The once red-hot cybersecurity startup space is experiencing a drastic slowdown in terms of funding, according to data from Crunchbase.
The amount of money that investors have poured into early-stage companies fell 63% to $1.6 billion in the second quarter of this year compared to $4.3 billion in the same period last year. This marks the lowest quarterly total since the end of 2019 when startups raised just under $1.6 billion.

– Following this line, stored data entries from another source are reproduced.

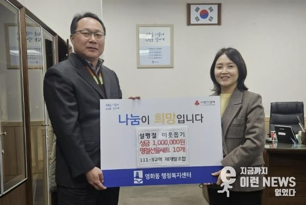 이런뉴스(e-runnews) 김삼성 기자 | 수원시 장안구 영화동 111-3구역 주택재개발정비사업조합이 지난 28일, 설 명절을 맞아 영화동 행정복지센터에 130만원 상당의 후원금품을 전달했다.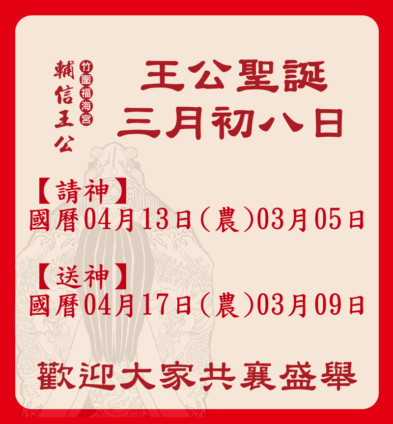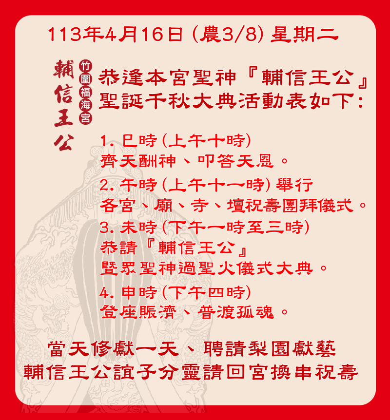 竹圍福海宮歡慶輔信王公聖誕「飛輦轎、過金火」4/16海湖福安府登場4/16上午11:15 中華航空董事長 謝世謙一行約10人左右會來團拜祝壽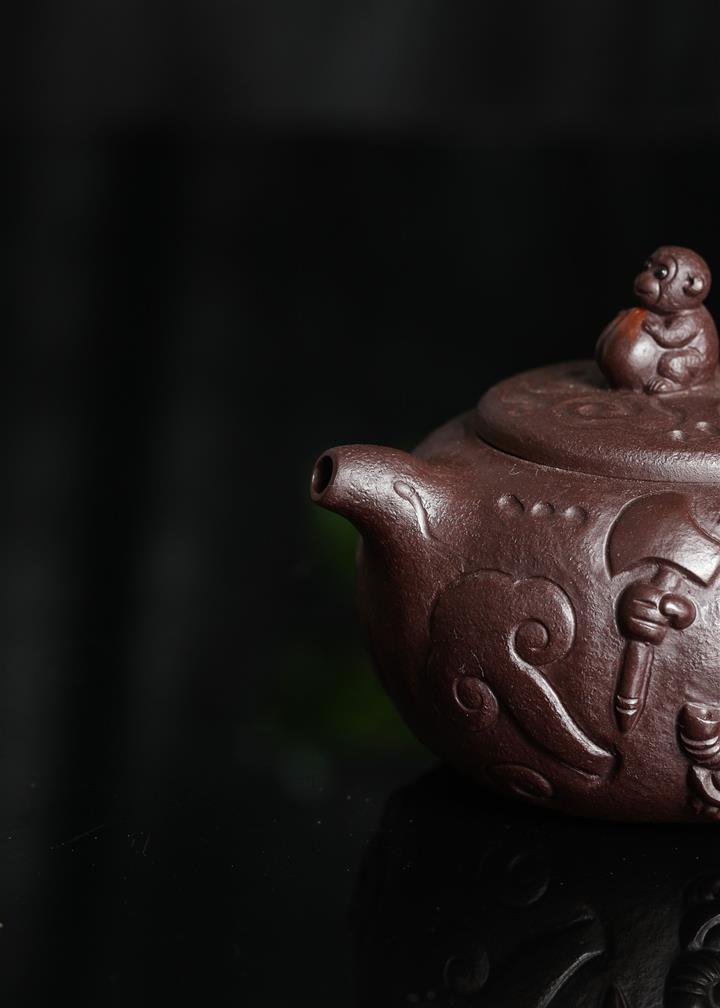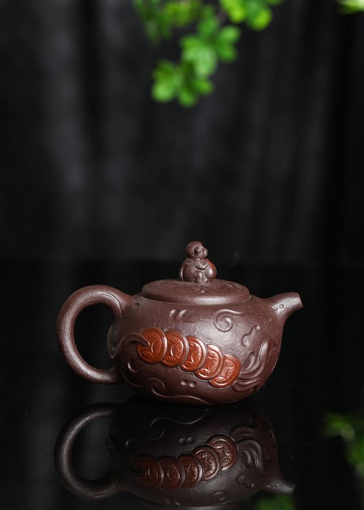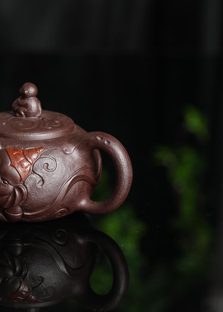 630cc原礦古銅泥滿刻百鳥朝鳳茶壺POT7969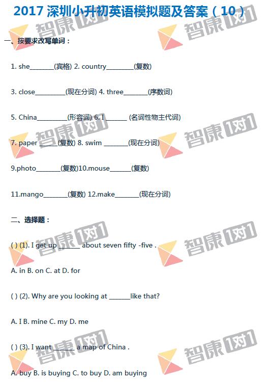 2019年深圳小升初择校备考开始了,对于深圳外国语、百外等名校的小升初考试,2019考生们要提前做好英语复习准备哦。下面是一套小升初英语模拟试卷,供2019深圳小升初考生参考。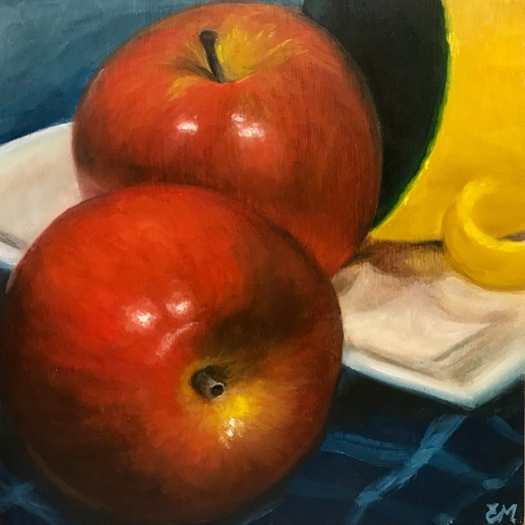 Still Life Red Apple oil on cradled wood panel 20 x 20cm SOLD Freesias for my Mum acrylic on stretched canvas 46 x 46cm SOLD Back to Gallery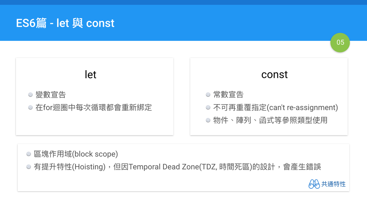 很快地進入到鐵人賽的第5天,也進入到ES6篇的章節之中。本章的目標是針對let與const這兩個用於宣告變數與常數的語句,作重點式的介紹。有很多是整理我個人從討論區的回答文章。
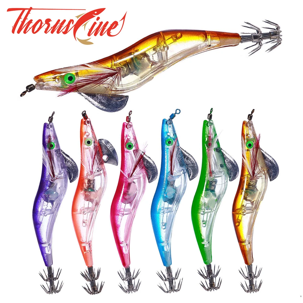 6 шт., жесткая приманка, светящаяся приманка для кальмаров, 21 г, 13 см, креветка, осьминог, каракатица, крючок для кальмара, дрель, деревянная кр...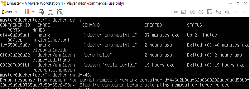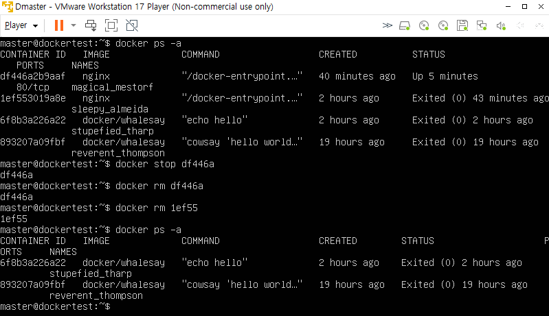 docker rm <CONTAINER_ID> # 삭제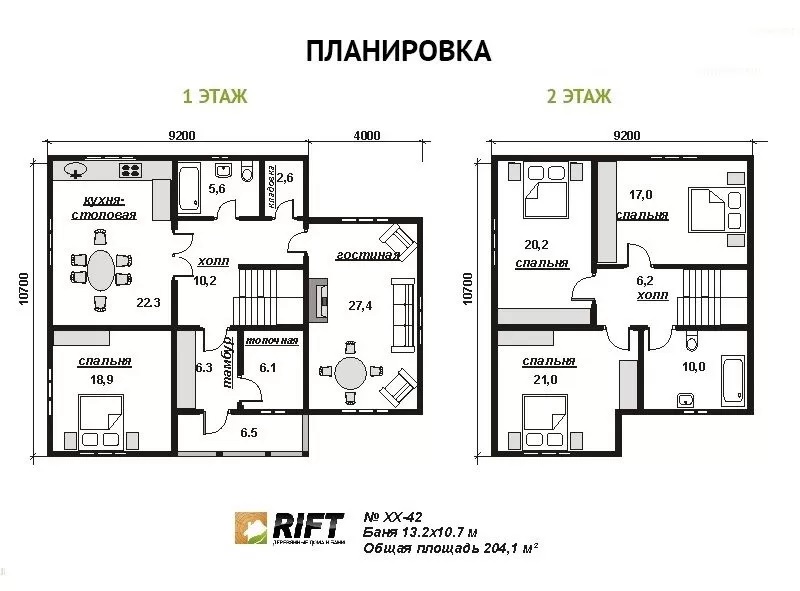 XX42 из бруса — это классика деревянного домостроения. Площадь дома дает простор для реализации любых планировочных решений. На первом этаже предусмотрены кухня-гостиная и хозблок, на мансарде — спальни. Брус создаёт тёплый и уютный микроклимат, который не требует сложного ухода. Идеально подходит для дачи или постоянного проживания.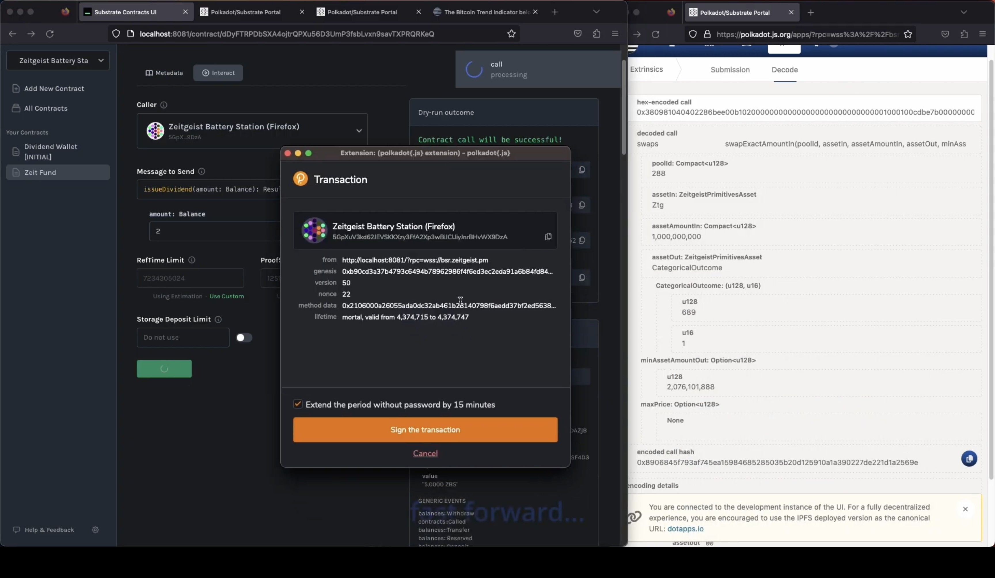 Interestingly enough, even the Zeitgeist team didn't go through the effort of making a smart contract that would interact with the runtime, so even they weren't sure if it worked or not. It does, or at least a bit of it does. We will see if the Zeitgeist Fund project will get continued funding for its development from the Zeitgeist team.
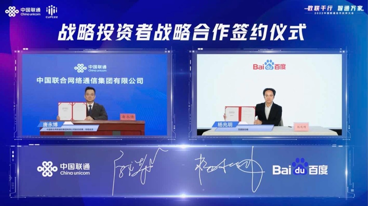12月20日,在2022中國聯通合作伙伴大會上,百度與中國聯通簽署全新的五年期戰略合作協議。這是雙方繼2017年首次戰略合作後再度聯手開啓的新一輪合作。中國聯通集團副總經理唐永博、百度副總裁楊兆明代表雙方簽約。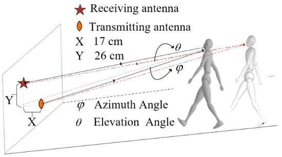 Configuration of SISO UWB radar for human pose estimation showing the relative positioning of the transmitting and receiving antennas, and the azimuth and elevation angles to the moving human target.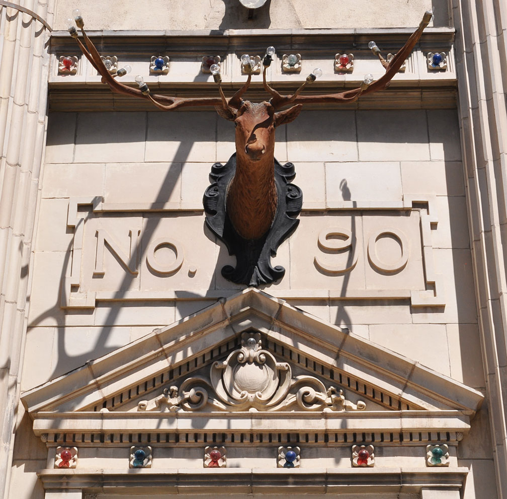 Same building — I hope you can make out that there are colored lightbulbs on the building and in the elk’s antlers (remember, you can click for a larger photo):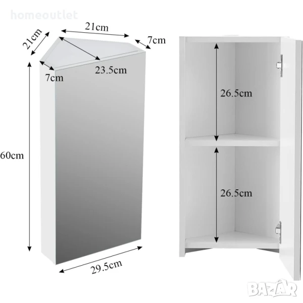 Този шкаф е снабден с висококачествено стъклено сребристо огледало, изображението е ясно и не е изкривено.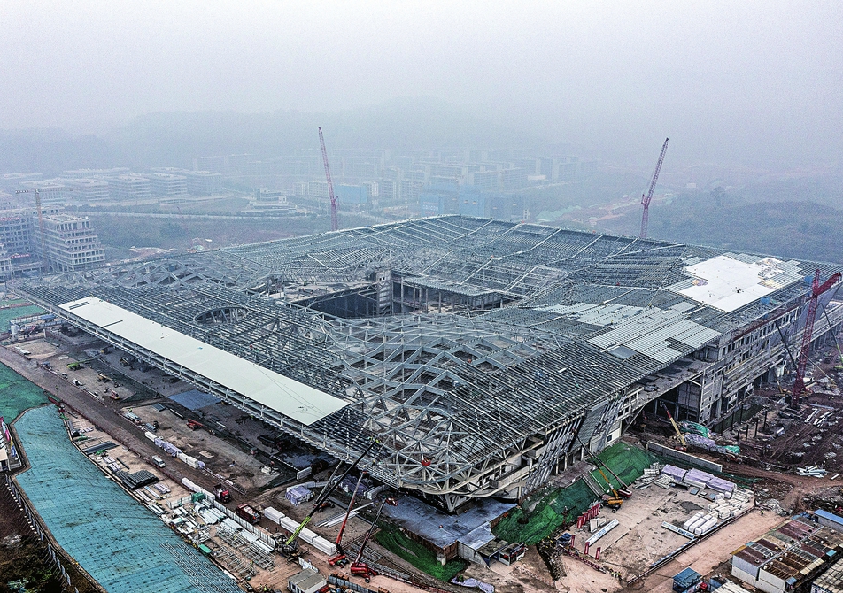 1月10日拍摄的西部(重庆)科学城科学会堂项目施工现场(无人机照片)。新华社记者刘潺摄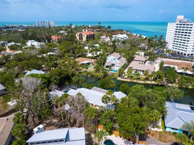 Tucked away at the end of quiet Estrada De Costa, a single lane road with just three homes, this unique and spacious Siesta Key 3 bedroom/3 bath lakefront property offers rare privacy, flexibility, and charm. The home was expanded in 2001, the property includes a 2 bedroom/2 bath main house, and a fully equipped one bedroom/one bath separate suite with its own private entrance, cozy living room, kitchen, walk-in closet, and screened porch with tranquil water views. Ideal for multigenerational living, guest accommodations, or income potential. Saltillo(Mexican) tile flooring flows throughout both living spaces and adds character and charm to every room, while the open layout flows seamlessly for comfortable everyday living. Sliding glass doors on the water side fill the rooms with natural light. The house did have water in the home after Hurricane Helene, so the owner completed some thoughtful and stylish renovations such as Shaker cabinets, quartz counters, subway tile backsplash, all new LG stainless steel appliances, new AC, and hot water heaters in both living spaces, and solid paneled doors throughout. New roof in 2022, and drain pipes lines in 2024. Located on Lake Rittwood, a serene neighborhood pond teeming with tilapia, turtles, ducks and birds, this home is a retreat. Stroll into Siesta Key Village, or catch sunset views at the Big Pass/Gulf public access at the West end of Givens St. and Ocean Blvd. This home offers the end-of-the-road seclusion, but still close to the wonderful activities of Siesta Key and Sarasota. Whether you’re hosting guests, housing extended family, or exploring rental potential, this unique layout offers flexible living options rarely found on the Key.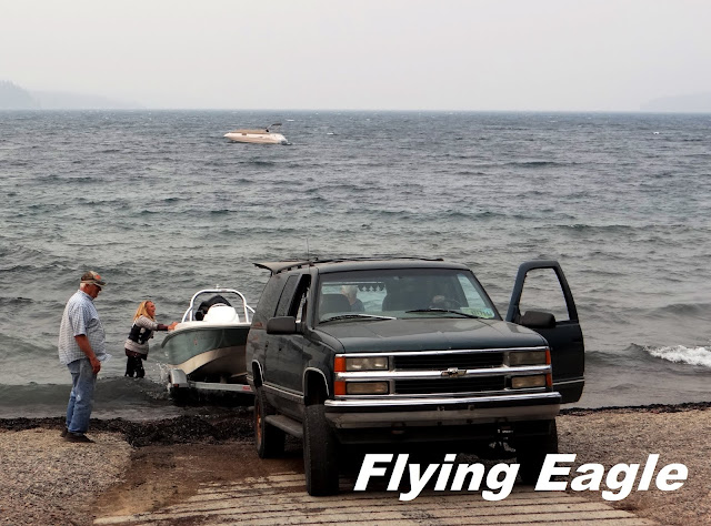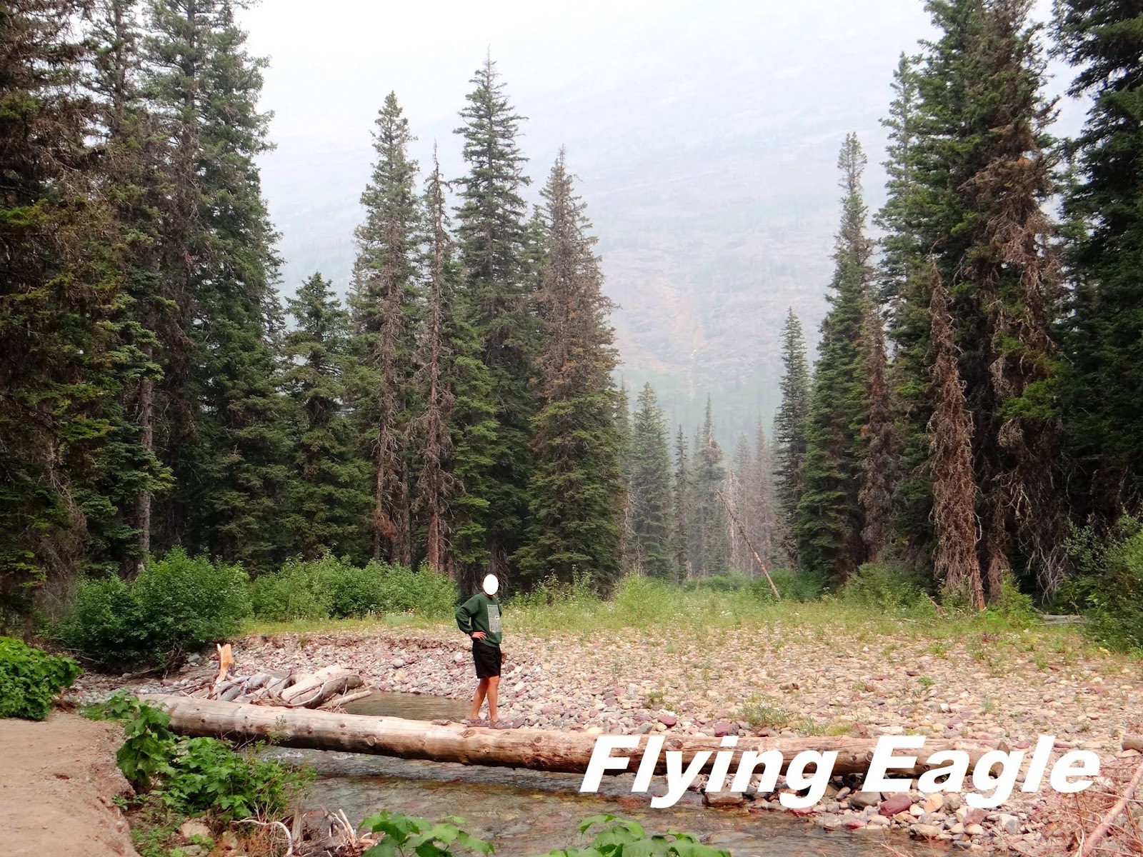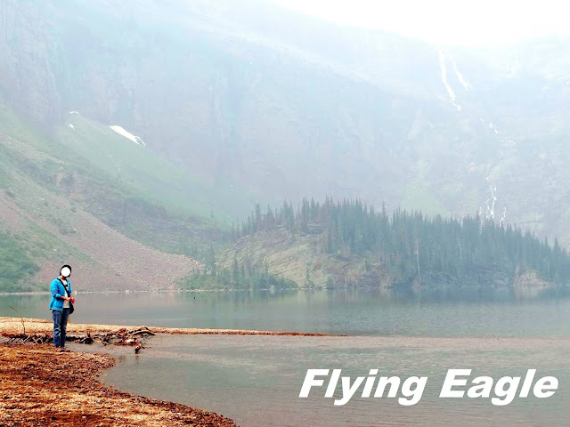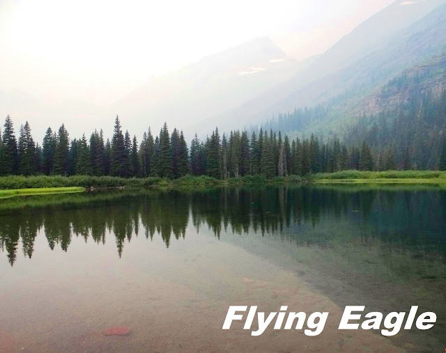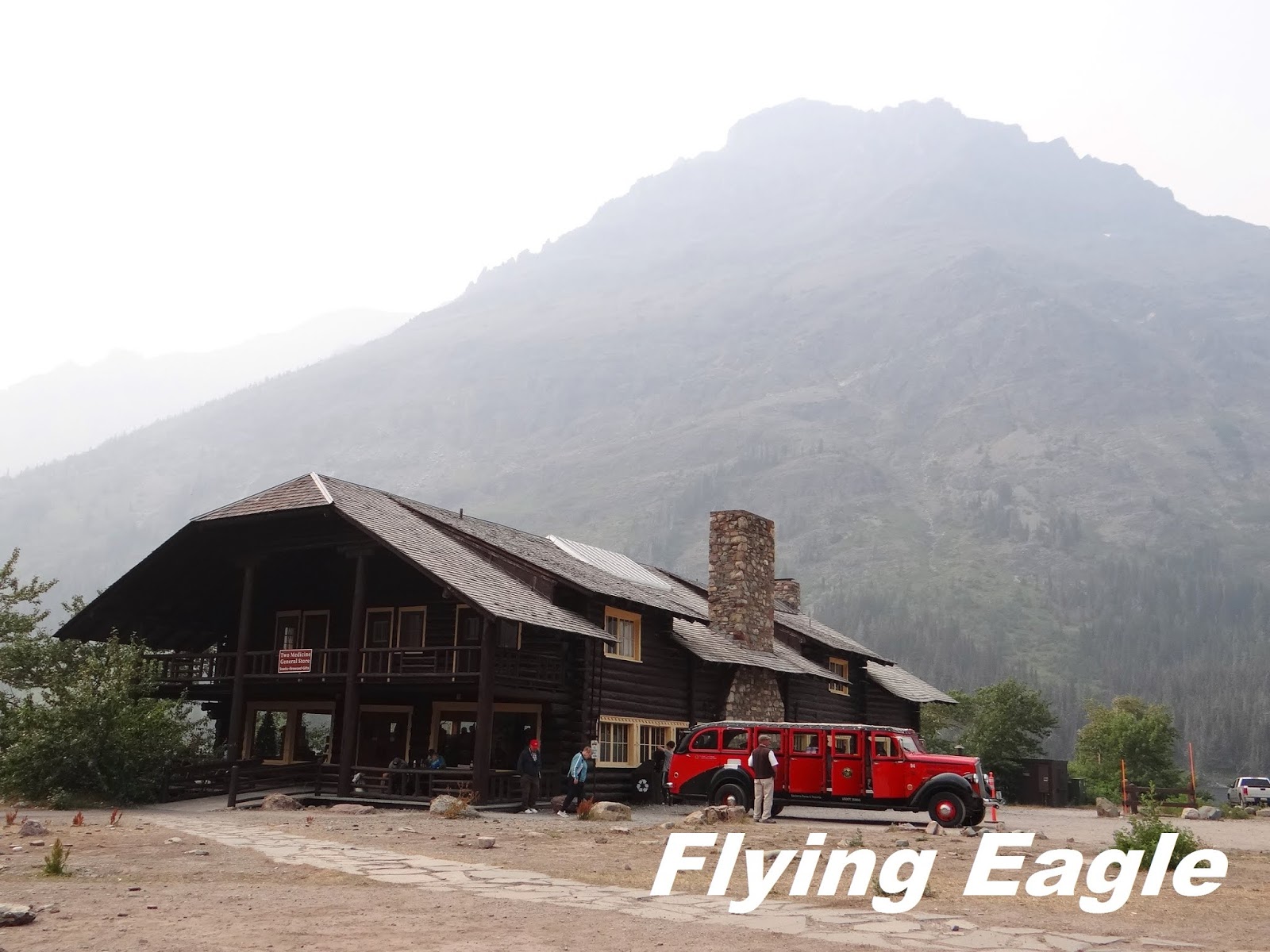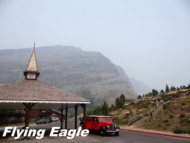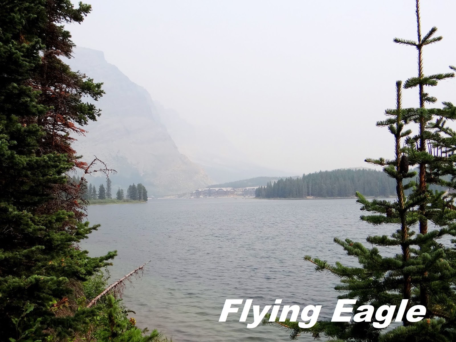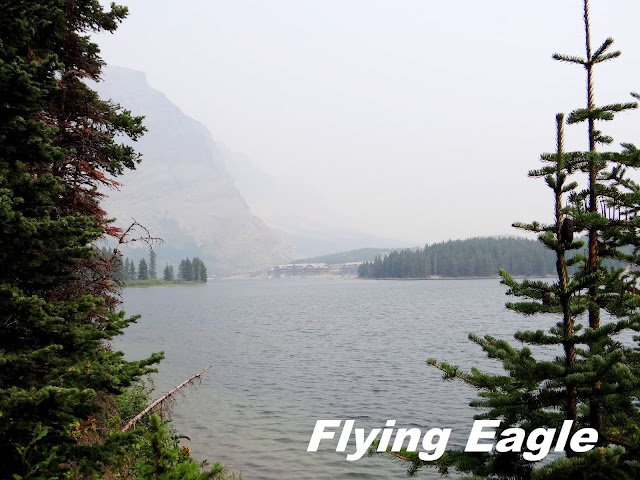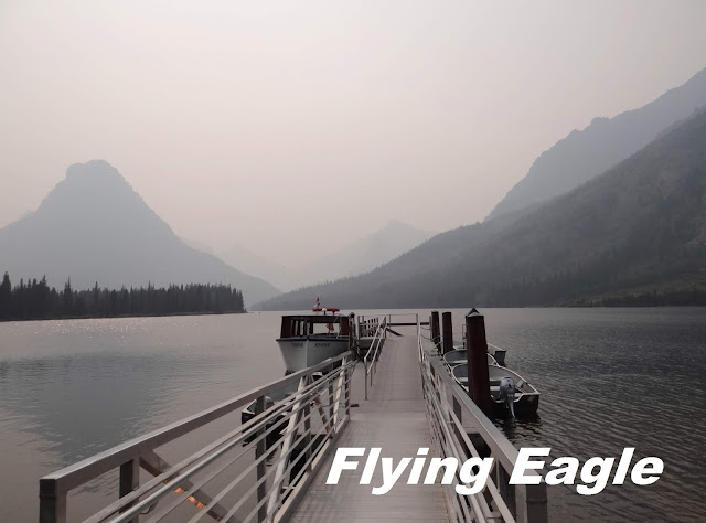 我們當晚原本訂的住處在第一大湖麥當諾湖(Lake McDonald)的東北角,因火災關係,被安排入住阿普加區(Apgar)的木屋,位在麥當諾湖的西南。我們在湖邊漫步,見有人在煙霧中乘風破浪。一位老先生和我們聊起天來,還從車上拿出自種的玉米讓我們品嚐。我本不知玉米可生吃,一咬下去,香甜無比,欲罷不能。有時旅途中的偶遇,讓人印象深刻,更勝風景!阿普加木屋的服務人員態度不好,打掃也不盡責。我被床上的虫咬了多處,迄今年餘尚未痊癒,實在對這公園既愛又恨!

For the first half of the year, cybersecurity startups brought in only $4.3 billion in funding, down 60% from the $10.8 billion raised in the first half of 2022. There were also far fewer deals, with only 312 funding rounds completed in the first six months of 2023 compared to 507 the year before.
The number of large late-stage deals was also sharply lower. In the first half of 2022, 33 deals of $100 million or more were funded. But this year saw just 11 mega-rounds totaling more than $100 million each.
In the second quarter, only five rounds exceeded $100 million including a $190 million investment in Blackpoint Cyber and a $132 million round completed by ID.me.
While venture investment has declined broadly, the massive drop in cybersecurity – traditionally viewed as a “recession-proof” sector – has been stunning. However, cyber attacks continue unabated even as enterprise budgets tighten.
AI Can Make Cybersecurity Solutions Cheaper but Investors Are Still Cautious
Artificial intelligence and automation could make cybersecurity operations more efficient. In addition, public cybersecurity companies have seen share price gains that may spur more merger and acquisition activity and revive venture funding.
However, startups seeking funding will need to demonstrate “capital efficiency” by showing progress in research and development in addition to sales and marketing metrics, said Alex Doll of Ten Eleven Ventures in response to a survey performed by TechCrunch to investors in the space.
It remains uncertain how long funding for cybersecurity startups will remain out of sync with enterprise spending needs. Some investors expect a rebound “within the next 12 to 18 months” as the economic picture becomes clearer.
The drastic funding slowdown highlights how rapidly the startup and venture capital environments can change. After a huge wave of growth investments in 2021, private investors have now shifted to seeking profitability and efficiency, dramatically slowing deal flow and valuations across industries. But even a traditionally stable sector like cybersecurity has not been immune.
Business Leaders Believe a ‘Catastrophic’ Cybersecurity Event Could Happen in Two Years
Business leaders are becoming more aware of their organizations’ cybersecurity issues, according to the World Economic Forum’s 2023 Global Cybersecurity Outlook. Yet, they still struggle to communicate cyber risks in a way that motivates action.
The study found that 91% of respondents believe a catastrophic cyber event is likely in the next two years. Meanwhile, 43% think a cyber attack could materially affect their own organization. As a result, businesses are investing more in day-to-day defenses.
The survey’s respondents said that they are now focusing more on preventing business disruption and limiting their businesses’ reputational damage rather than stealing data. Geopolitical instability has also heightened data protection concerns and influenced where businesses operate and invest.
Business leaders acknowledge that their supply chains and partners expose them to cyber risks. In response, they plan to strengthen third-party controls and reconsider business relationships if they fail to meet their cyber security standards.
Large digital transformation projects add complexity and risk as organizations integrate new technologies to modernize their processes but at the same time need to keep their systems well protected.
In this regard, business leaders often struggle to balance technology value against increased cyber risks. More respondents now see cybersecurity regulations as effective, though compliance remains challenging.